Revision as of 15:40, 5 December 2008

The Palace of the Grand Master (of the Knights of St. John) in the city of Rhodes, rebuilt by the Italians in the 1930s

Italian colonists in Dodecanese were those Italians sent in the 1930s to colonize the islands of the Dodecanese by the Fascism of Mussolini. In 1940 they were nearly 8,000, concentrated mainly in Rhodes.

History

The Kingdom of Italy occupied the Dodecanese islands during the Italian-Turkish war of 1911.

With the Treaty of Lausanne in 1923 the Dodecanese was formally annexed by Italy, as the Possedimenti Italiani dell'Egeo.

In the 1930s Mussolini embarked on a program of Italianization, hoping to make the island od Rhodes a modern transportation hub that would serve as a focal point for the spread of Italian culture in Levant.
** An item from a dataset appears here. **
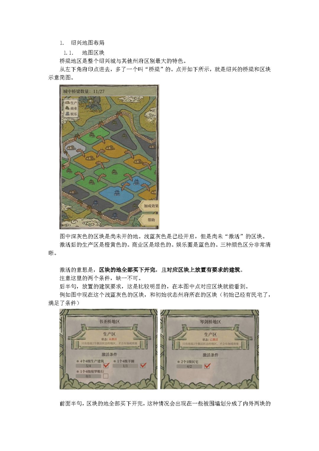 id:m8lzxyyay75 目录 1. 绍兴地图布局 1.1. 地图区块 1.2. 桥梁的连接和数量 1.3. 桥梁的拆除 1.4. 加成效果 2. 越州商行 2.1. 柜台的布局 2.2. 货架的种类 2.3. 客人的需求 2.4. 结合客人需求调整柜台和上货(实操练习版) 2.5. 好评与升级,店面的扩张 word写出来,粘过来总觉得格式不太对——索性转pdf然后上图,一页页贴算了。

The Fascist program did have some positive effects in its attempts to modernize the islands, resulting in the eradication of malaria, the construction of hospitals, aqueducts, a power plant to provide Rhodes' capital with electric lighting and the establishment of the Dodecanese Cadastre.

The main castle of the Knights of St. John was also rebuilt. The concrete-dominated Fascist architectural style integrated significantly with the islands' picturesque scenery (and also reminded the inhabitants of Italian rule), but has consequently been largely demolished or remodeled, apart from the famous example of the Leros town of Lakki, which remains a prime example of this architecture.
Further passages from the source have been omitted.